> TASK OBJECTIVE:
Print word for word the first line of the listing below and every line after it, through the line with "<B>Louis XV Ecu". Leave out the pictures and the rest.
INFORMATION GIVEN below:
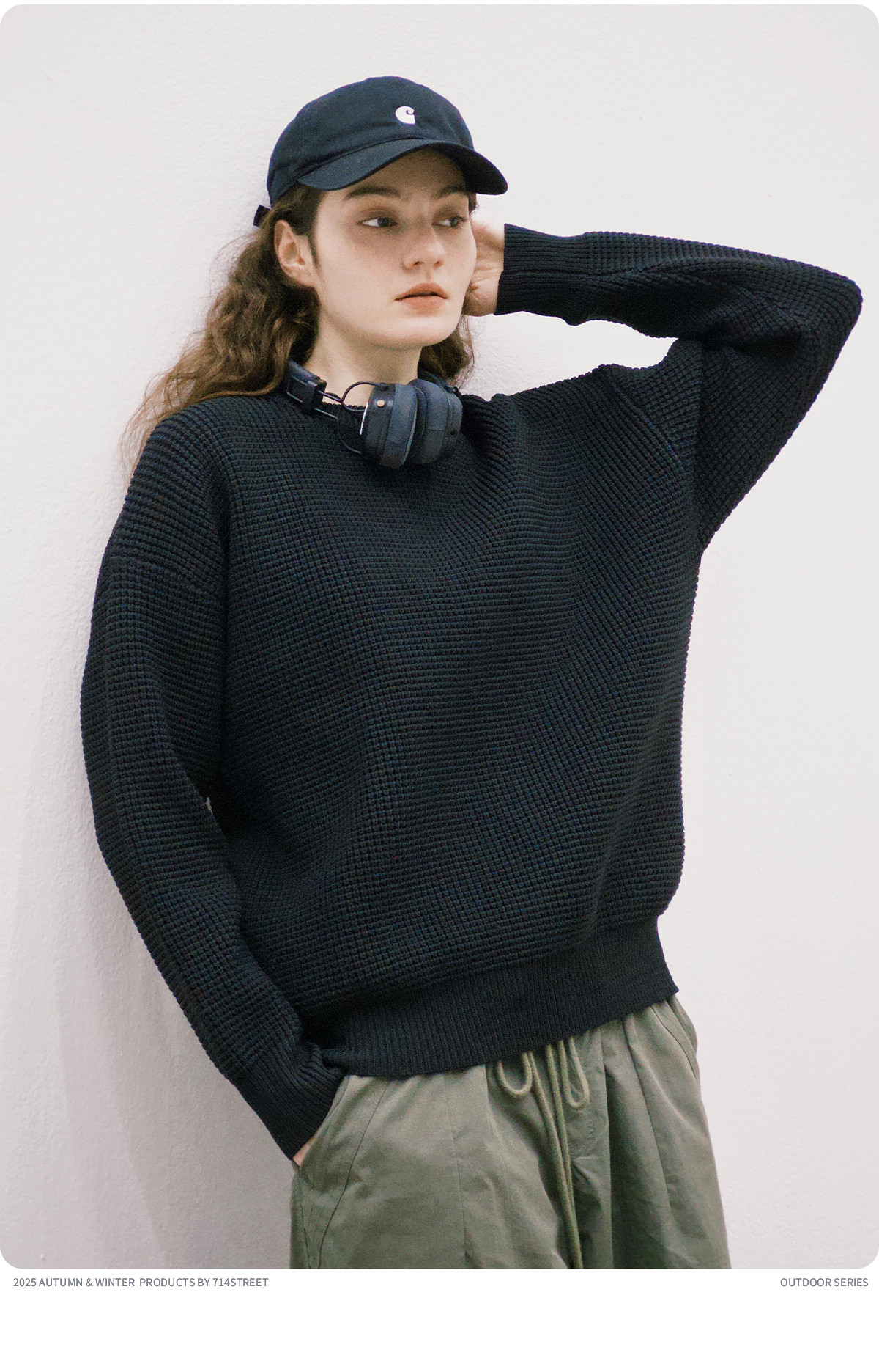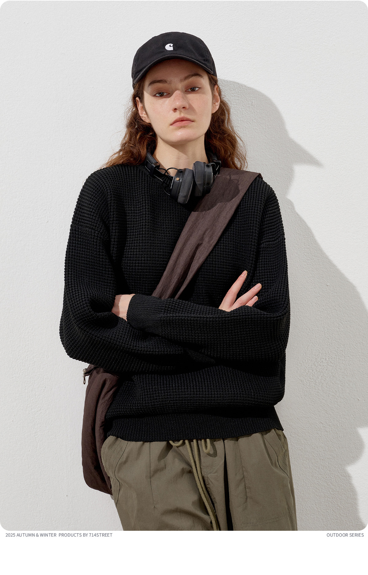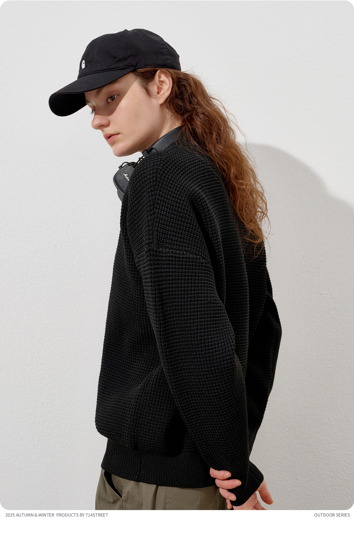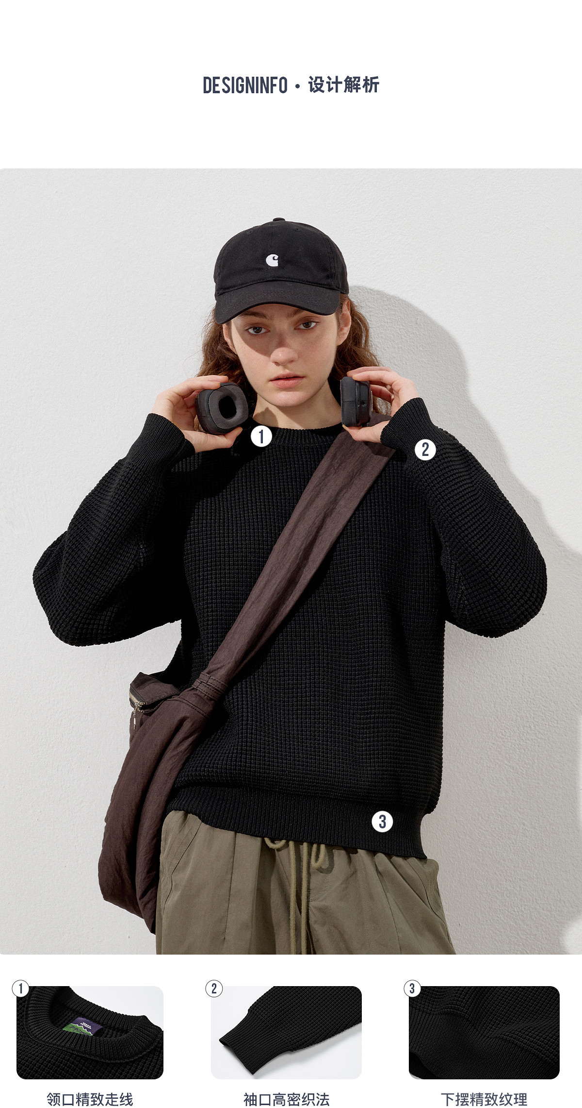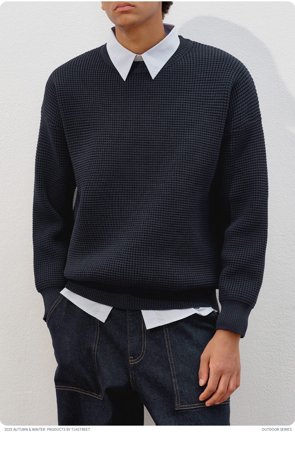 714street抗皱华夫格纹理长袖2025秋冬国潮廓形情侣毛衣针织衫男
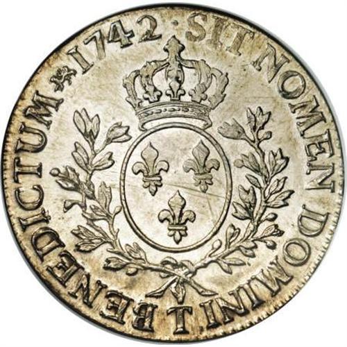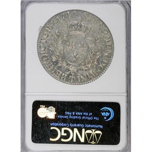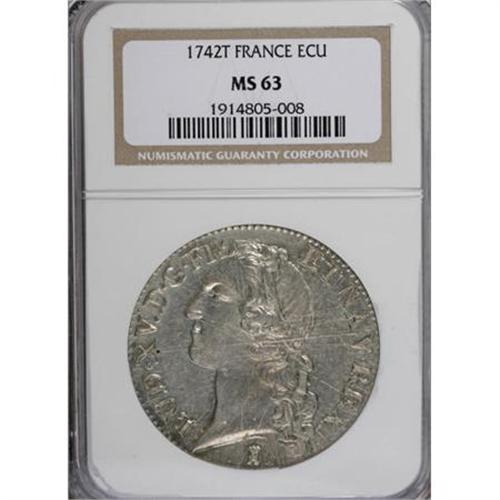 <B>Louis XV Ecu 1742T,</B></I> KM512.20, MS63 NGC, fully lustrous and remarkably sharp, a premium example of this type despite some faint adjustment marks, primarily on the rim. One of the nicer specimens of this type that we have seen.<BR><BR><b>Shipping:</b> Coins & Currency (<a target="_blank" href="http://www.heritageauctions.com/common/shipping.php">view shipping information</a>)
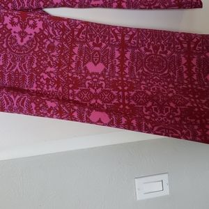 Playful and vibrant. These capris add a fun flare to street style or professional attire if you know how to style it right. The pants pulls inspiration from traditional southwestern and southamerican patterns on a poppin pink background that makes this piece loud but bot gaudy. The material is very light but not see through. Great for warmer weather.
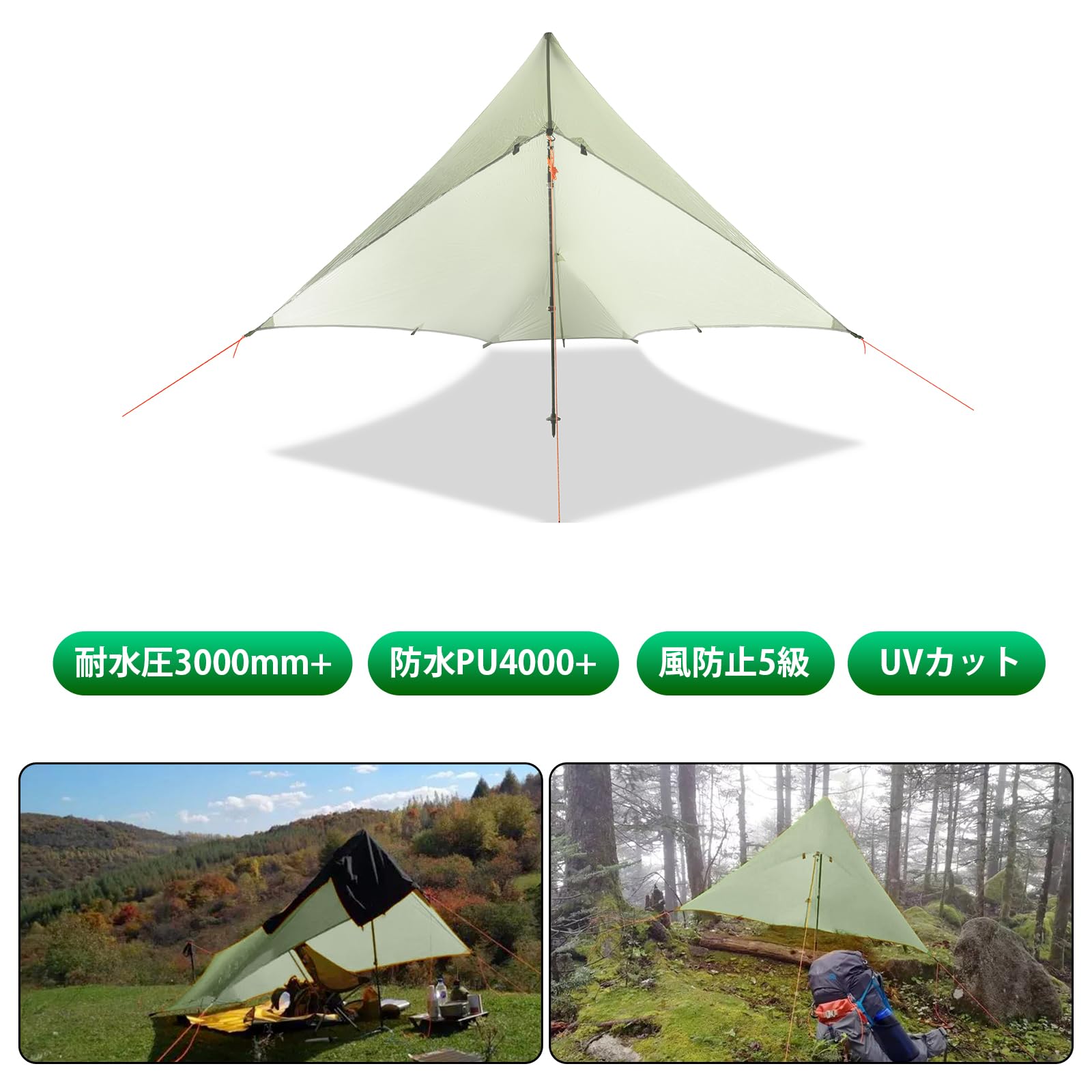 【在庫処分】ポールテント 登山用 テント 両面シリコーン 引き裂き 超軽量 防水 防風 設営簡単 キャンピング プロフェッショナルテント
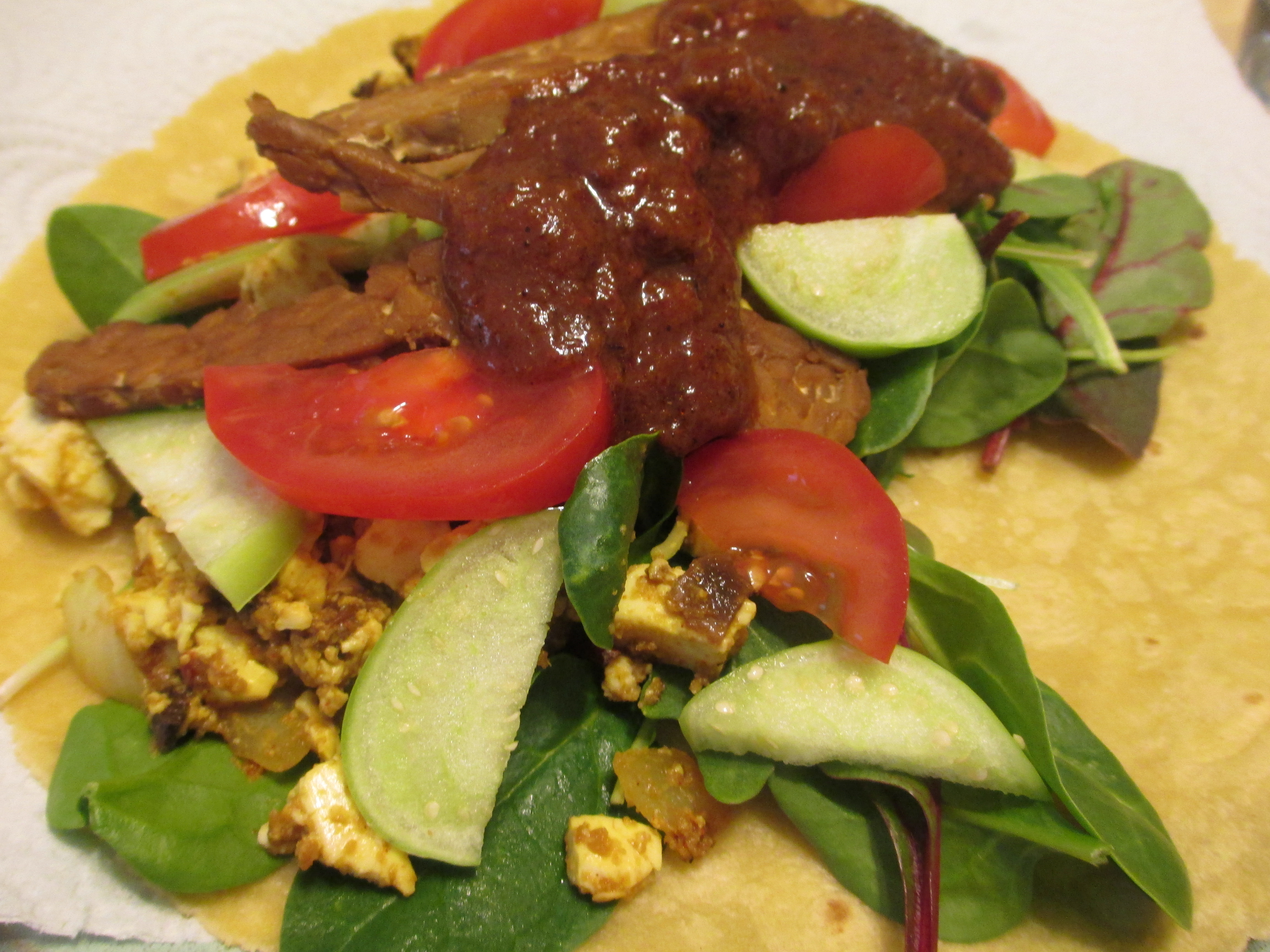 I did make our usual tofu scramble with some porcini mushrooms added for flare and sauteed some tempeh. I also chopped up some tomato and tomatillo which we layered on top of spring mix, scrambled tofu, tempeh and then covered with some ranchero sauce we bought.
End of INFORMATION GIVEN.
> REPLY:
 714street抗皱华夫格纹理长袖2025秋冬国潮廓形情侣毛衣针织衫男
 <B>Louis XV Ecu 1742T,</B></I> KM512.20, MS63 NGC, fully lustrous and remarkably sharp, a premium example of this type despite some faint adjustment marks, primarily on the rim. One of the nicer specimens of this type that we have seen.<BR><BR><b>Shipping:</b> Coins & Currency (<a target="_blank" href="http://www.heritageauctions.com/common/shipping.php">view shipping information</a>)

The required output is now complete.